Less than a week after the Advanced Robotics Manufacturing (ARM) institute was announced as the fourteenth hub in the network of Manufacturing USA institutes, Reuters News Agency published an article headlined “U.S. investors see more automation, not jobs, under Trump administration.”
Dean L. Bartles, executive director of ARM and a past president of SME, agrees in part with that position.
“Some jobs will disappear,” due to robotics and automation, Bartles said, “but others will be created.” The goal of all 14 of the institutes, he noted, is to empower American workers to compete with low-wage workers abroad; create and sustain new jobs to secure U.S. national prosperity; lower the technical, operational, and economic barriers for small- and medium- sized enterprises as well as large companies to adopt novel technologies; and assert U.S. leadership in advanced manufacturing.
In terms of job creation, he said a consulting group that provided data used in the creation of ARM posited that the productivity and efficiency that ARM could bring to the table could result in more than half-a-million jobs being created.
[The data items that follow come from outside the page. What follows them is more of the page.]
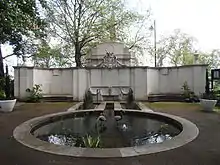 Cheylesmore was honoured Knight Grand Cross of the Order of the British Empire in June 1925.[15] He died a month later aged 77, in a motor accident, the first peer to suffer such a fate in Britain. He was buried in Highgate Cemetery in a grade 2 listed mausoleum designed by the American firm of architects, Carrère and Hastings.[16] The family was desolated and great ballroom, known as the Pillar Hall at Coopers Hill, which was being built for the coming of age of their heir, was left unfinished.[9] He is commemorated by a monument by Sir Edwin Lutyens in Victoria Embankment Gardens, London.[14] The Cheylesmore Range at Bisley named after him was opened for the 1948 Summer Olympics.
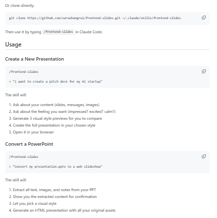 Frontend Slides is a lightweight tool that enables users to create visually appealing, animation-rich web presentations without requiring knowledge of CSS or JavaScript by leveraging a guided, interactive workflow. It operates on a “show, don’t tell” philosophy, generating visual previews of styles so users can select their preferred design rather than describing it abstractly. The system produces fully self-contained HTML presentations with inline CSS and JavaScript, eliminating the need for external dependencies, build tools, or frameworks. It also supports converting existing PowerPoint files into web-based presentations while preserving content such as images, text, and structure. The tool includes curated design presets that avoid generic AI-generated aesthetics, ensuring presentations feel distinctive and intentional. Its architecture uses progressive disclosure, loading only necessary components at each step to keep the workflow efficient and intuitive.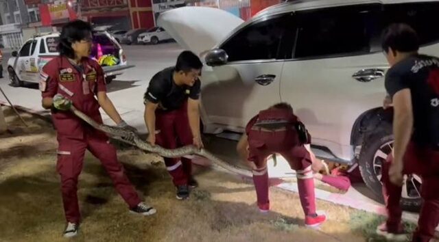 เจ้าหน้าที่ต้องมุดเข้าไปที่ใต้ท้องรถพบงูเหลือมขนาดใหญ่ขดตัวอยู่ตัวโครงรถ ใช้เวลาประมาณ 15 นาที งูเหลือมเริ่มคลายตัวและโผล่หัวออกมา จึงสามารถใช้มือช่วยกันดึงเอางูเหลือมออกมาจากใต้ท้องรถได้สำเร็จ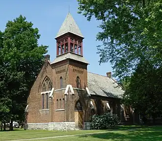 First Methodist Episcopal Church of St. Johnsville, also known as the United Methodist Church of St. Johnsville, is a historic Methodist Episcopal church located at St. Johnsville, Montgomery County, New York. The church was built in 1879, and is a one-story, Gothic Revival style brick building over a limestone block foundation. It has a slate gable roof and features a corner entrance tower and arched openings. The associated church parsonage or Lewis Snell House, was built in 1866. It is a 1 1/2-story, Italianate style brick dwelling with a low pitched hipped roof.[2]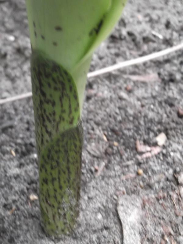 und nun wie sie sich entwickelt hat, mit ihren braunen Tupfen an der Blattbasis.

“Workforce development is a huge part of each of the [Manufacturing USA] institutes,” Bartles said, “and each institute has to include an educational component” to help prepare Americans for the jobs that will dominate the manufacturing landscape in the future. Many of these jobs can’t even be defined today. That’s because the novel technology that will provides these jobs is a long way from being mature enough to reach the marketplace in the near to mid-future.
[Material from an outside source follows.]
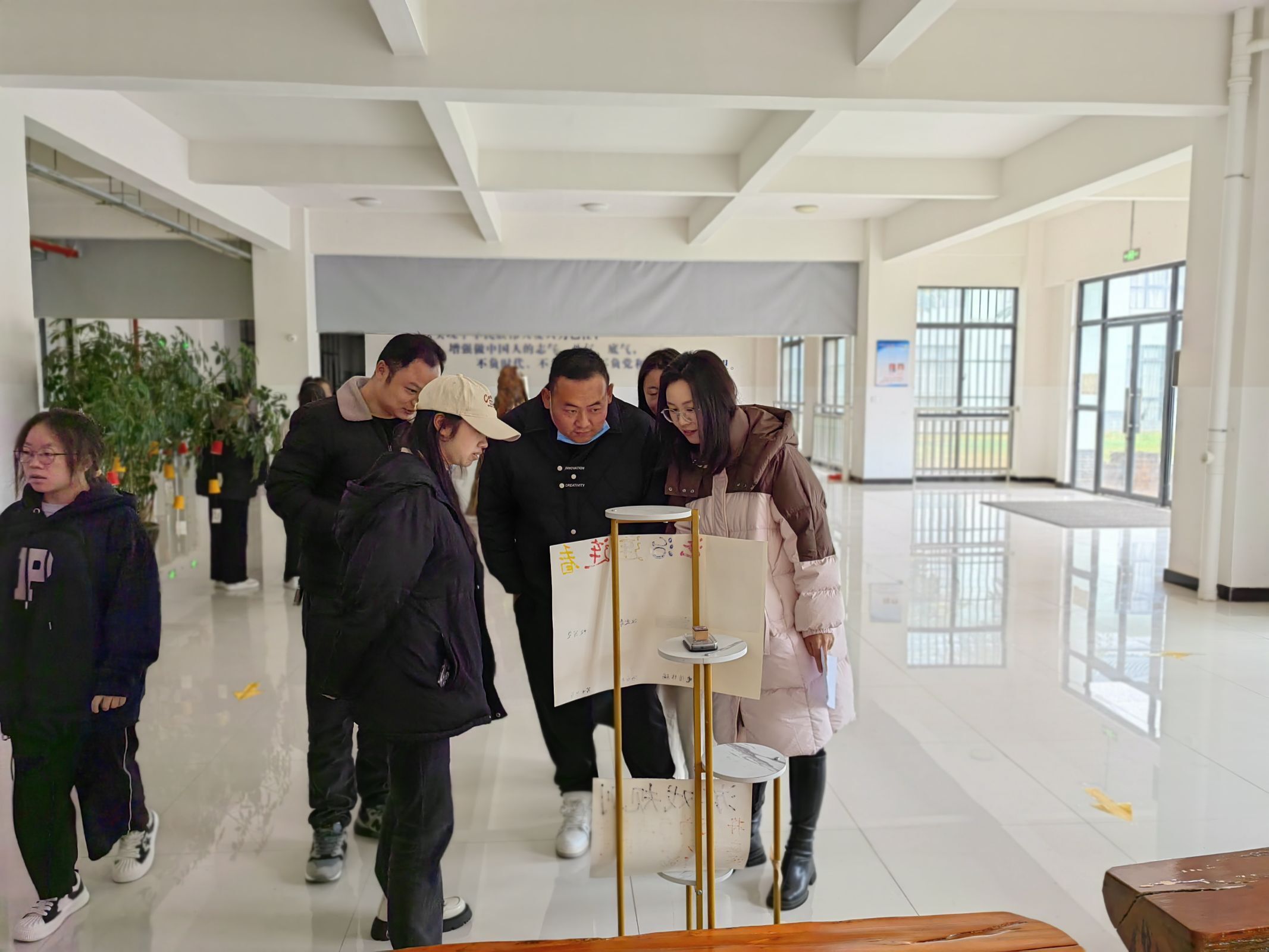 活动现场还准备了法律谚语、法律条文、法律术语等纸条,通关教职工发挥创意,粘贴在展板上,组成“法条拼贴诗”。最后由在场教职工进行投票,评出前三名,并获得奖品。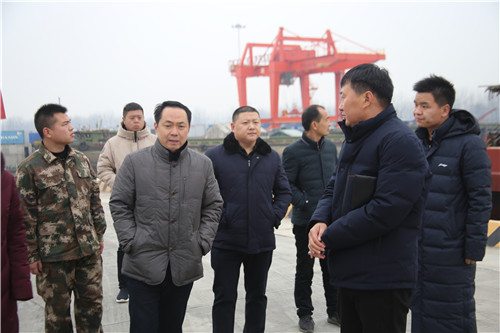 在周口中心港碼頭,程若光向負(fù)責(zé)人了解當(dāng)前港口碼頭設(shè)備的運轉(zhuǎn)運行情況后,要求港口碼頭要在確保安全生產(chǎn)的情況下開展各項工作。

“Each institute has the same mission” he said, “to take technology that currently is at a Manufacturing Readiness Level [MRL] of 3 or 4 and take it to an MRL of 7.”
MRL is a measure developed by the Department of Defense (DoD) to quantitatively assess the maturity of a given technology from a manufacturing perspective. An MRL of 3 is the stage at which the manufacturing proof of concept of the technology is developed. At MRL 7 the capability of producing systems, subsystems or components in a production representative environment has been acquired. At MRL 10 full-rate production of the technology has been demonstrated and lean production practices are in place to support.
Once a technology reaches an MRL of 7 the responsibility of the institute, which is a public/private effort, is at an end. Like a young bird leaving the nest, the technology then either takes wing or not based on its merits and the efforts of the members who have partnered with the federal government on the ARM program. If it does take wing, then jobs will be created.
ARM, like the other Manufacturing USA institutes, is expected to be fully self-sustaining after seven years. It is at this point at which federal funding ceases.
“Over the seven years of the program,” Bartles said, “ARM should ramp up to a workforce of only 20 to 25 people. The majority of its work will be done by employees of the ARM members.”
Because the $80 million federal portion of the $253 million ARM effort is coming from the DOD there has been speculation that the institute will have a military focus. While some of the developments created by ARM could eventually be used by the military, Bartles said that “we are only looking at robotics technology that will benefit manufacturing.”
And the manufacturing community has a larger stake—and larger say—in the direction ARM takes. Member organizations will fund nearly 1.5 times as much of the cost of ARM as DOD will. Among the 227 members of ARM there are 123 industrial partners (such as ANSYS, GE, General Motors and Polaris Industries), 40 academic and academically affiliated organizations (Auburn University, MIT and the University of Michigan among them) and 64 government and nonprofit partners (including the City of Pittsburgh, Oak Ridge National Laboratory and SME).